Hi gang, I'm Walker. I have been reading the forums for about three years while crewing on a J/130 in Milwaukee. I recently moved back "home" (sort of) to Western Wisconsin/Minneapolis, MN this last spring. I just recently purchased a 1973 Catalina 22 that was extremely well taken care of and am now just starting to learn the ins and outs of her. This last Saturday, in 20+ knot winds, she had a mast failure and the mast essentially buckled in the middle about two feet from the spreaders. So after a few successful sails with crew and single-handing, I'm back to being land-locked while I figure out what to do about my mast. Just thought I would introduce myself before I start posting other places looking for advice on how to go about doing repairs to the mast, mast-head, standing rigging, etc. Glad to join such a knowledgeable group of like-minded folks!


----------



## Minnesail (Feb 19, 2013)

Stutz63 said:


> Hi gang, I'm Walker. I have been reading the forums for about three years while crewing on a J/130 in Milwaukee. I recently moved back "home" (sort of) to Western Wisconsin/Minneapolis, MN this last spring. I just recently purchased a 1973 Catalina 22 that was extremely well taken care of and am now just starting to learn the ins and outs of her. This last Saturday, in 20+ knot winds, she had a mast failure and the mast essentially buckled in the middle about two feet from the spreaders. So after a few successful sails with crew and single-handing, I'm back to being land-locked while I figure out what to do about my mast. Just thought I would introduce myself before I start posting other places looking for advice on how to go about doing repairs to the mast, mast-head, standing rigging, etc. Glad to join such a knowledgeable group of like-minded folks!

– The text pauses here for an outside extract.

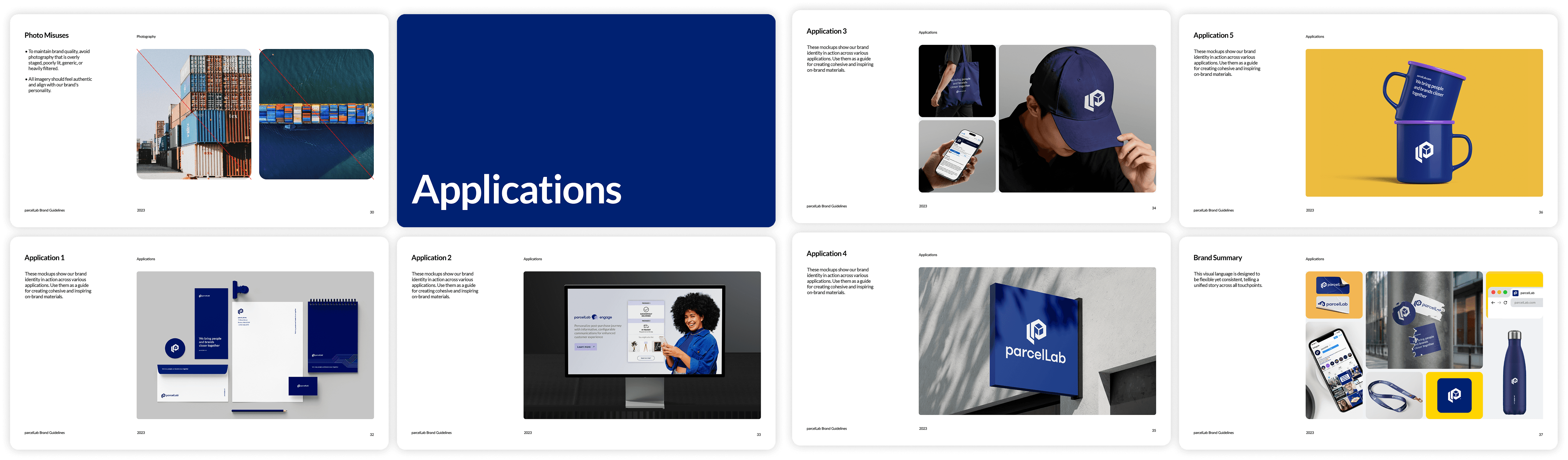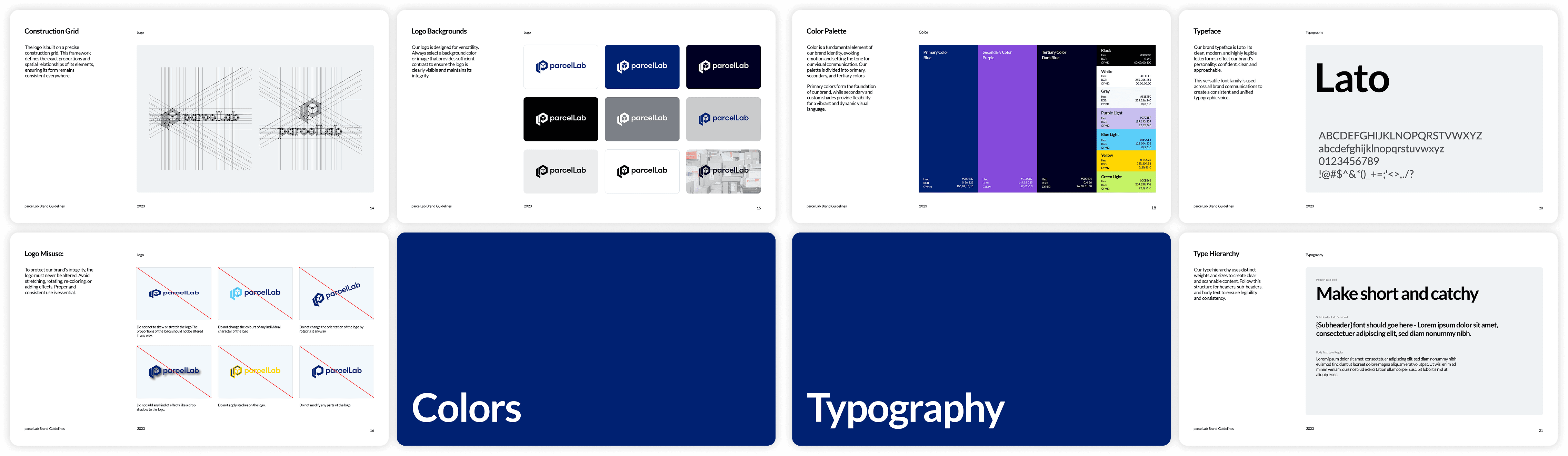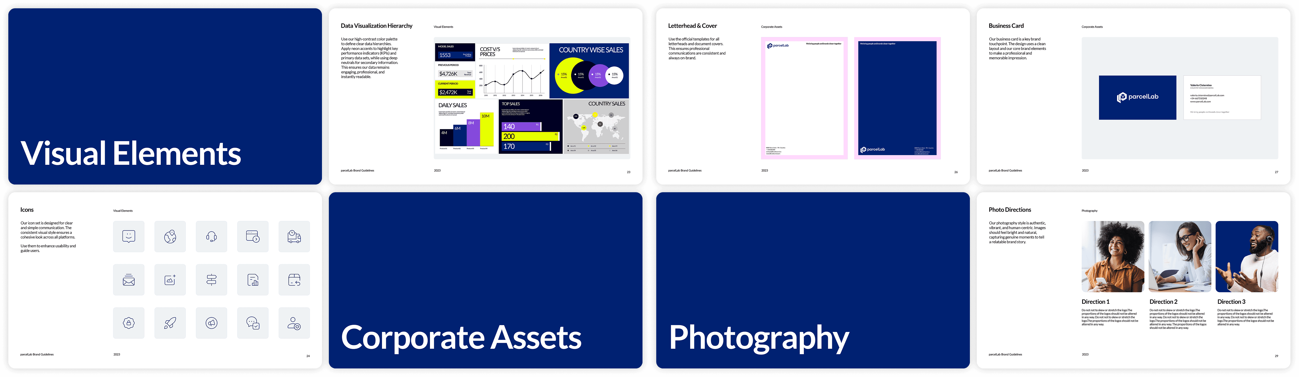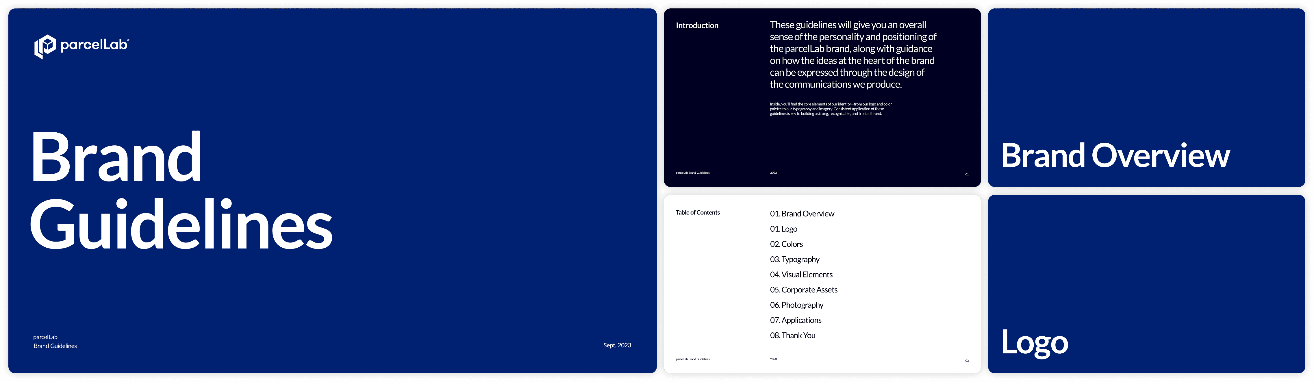 I created parcelLab's brand guidelines from scratch — a complete document covering brand overview, logo usage, typography, colour, visual elements, photography, and tone of voice. It became the single source of truth for every team in the company, from marketing to sales to product.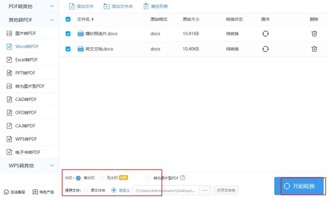 Word文件上传或,设置保存文件夹、是否添加水印、专为图片型PDF,点击【开始转换】按钮就可以啦!

Ouch! That makes me sad. I have a 1974 Catalina 22 (hull 3746) in Minneapolis. It was windy on Saturday, that's for sure.

It is possible to have a sleeve made to fix the damaged section. Someone on my lake had it done. If you want me to I could ask to see who they had fix it.


----------



## Stutz63 (Sep 2, 2016)

Hi Minnesail! I have actually seen some of your posts (not to be creepy) given you're in the same area and have a similar boat! Yes, Saturday was brutal. I shouldn't have been out, but I guess that's stuff you learn when you're a first-timer. 

What lake are you on? If you could get any info about repairing the damaged mast, I would greatly appreciate it! Thanks so much!


----------



## Minnesail (Feb 19, 2013)

I'm on Lake Nokomis, a small lake but a very friendly and helpful group of sailors. We have an active Facebook page, search for Lake Nokomis Sailing.

Where were you sailing when disaster struck?

I will ask around about that mast repair. Our early boats have a thinner mast than later ones, I guess you are an example of why Catalina beefed them up. I've been out in 30 knot gusts and haven't broken mine yet! I wonder if your rigging tension was uneven.


----------



## Stutz63 (Sep 2, 2016)

I live just west of Nokomis off Diamond Lake Rd west of 35! I have never sailed that lake but it looks like fun. I have spent some time on Calhoun, which isn't bad either. 

I was on Lake Wissota in Chippewa Falls, WI. Might have had it tensioned wrong, although I checked with the Loos gauge prior to going out. Might not have had it correct regardless. Like I said, I am pretty new to this boat and that was the strongest wind I have encountered with the new boat. Yes, I did read about how older Catalinas have had mast failure similar. I will be sure to check out the FB group. Thanks for the reply!


----------



## Stumble (Feb 2, 2012)

Was the boat insured? Keeping in mind that a lot of home owners and renters insurance also cover boats in this price range.


----------



## Landwalker (Aug 23, 2016)

Stutz63 said:


> Hi gang, I'm Walker. I have been reading the forums for about three years while crewing on a J/130 in Milwaukee. I recently moved back "home" (sort of) to Western Wisconsin/Minneapolis, MN this last spring. I just recently purchased a 1973 Catalina 22 that was extremely well taken care of and am now just starting to learn the ins and outs of her. This last Saturday, in 20+ knot winds, she had a mast failure and the mast essentially buckled in the middle about two feet from the spreaders. So after a few successful sails with crew and single-handing, I'm back to being land-locked while I figure out what to do about my mast. Just thought I would introduce myself before I start posting other places looking for advice on how to go about doing repairs to the mast, mast-head, standing rigging, etc. Glad to join such a knowledgeable group of like-minded folks!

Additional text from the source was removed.